INPUT RECORDS.

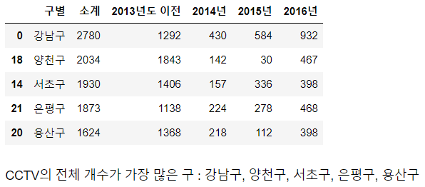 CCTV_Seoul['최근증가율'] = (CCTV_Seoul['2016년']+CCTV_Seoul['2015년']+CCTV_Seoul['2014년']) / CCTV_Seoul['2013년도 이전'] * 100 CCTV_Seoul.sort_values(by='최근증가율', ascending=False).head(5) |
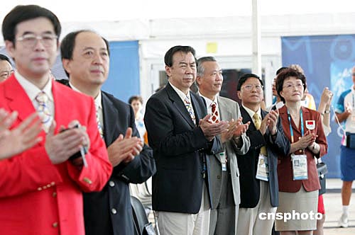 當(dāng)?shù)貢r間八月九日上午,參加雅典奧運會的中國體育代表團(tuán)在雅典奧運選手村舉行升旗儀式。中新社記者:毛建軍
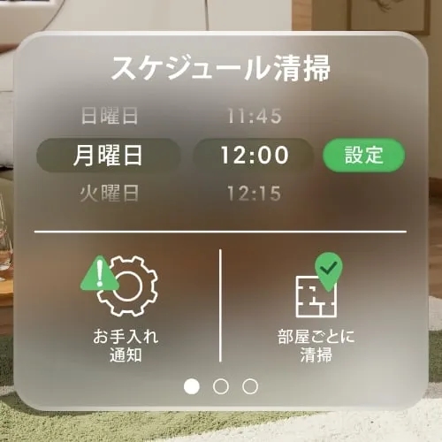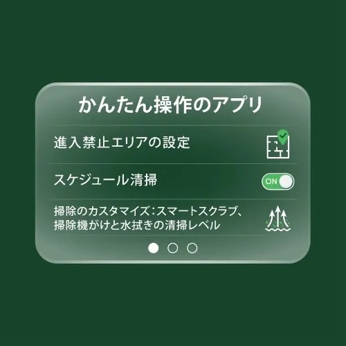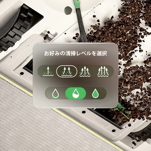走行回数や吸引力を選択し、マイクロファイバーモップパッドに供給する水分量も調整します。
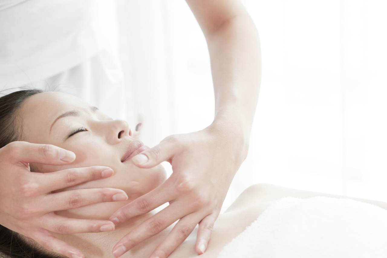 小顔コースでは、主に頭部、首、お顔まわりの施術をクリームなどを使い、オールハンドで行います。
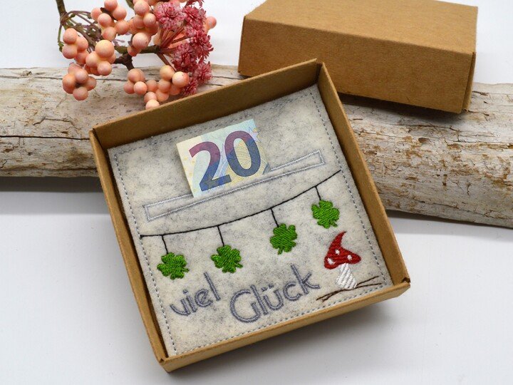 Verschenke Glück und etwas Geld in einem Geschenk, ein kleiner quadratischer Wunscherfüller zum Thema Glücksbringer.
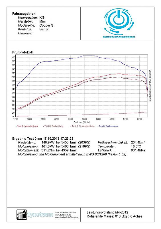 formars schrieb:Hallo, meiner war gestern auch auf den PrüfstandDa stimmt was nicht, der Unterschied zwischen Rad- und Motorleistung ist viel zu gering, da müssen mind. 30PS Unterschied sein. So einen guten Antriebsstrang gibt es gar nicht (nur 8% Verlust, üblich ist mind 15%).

WHAT YOU WILL DO.
The range to print runs from the line with "Verschenke Glück und" through the last line of the entries, both included; keep it exact and skip the pictures.

ANSWER.
 Verschenke Glück und etwas Geld in einem Geschenk, ein kleiner quadratischer Wunscherfüller zum Thema Glücksbringer.
 formars schrieb:Hallo, meiner war gestern auch auf den PrüfstandDa stimmt was nicht, der Unterschied zwischen Rad- und Motorleistung ist viel zu gering, da müssen mind. 30PS Unterschied sein. So einen guten Antriebsstrang gibt es gar nicht (nur 8% Verlust, üblich ist mind 15%).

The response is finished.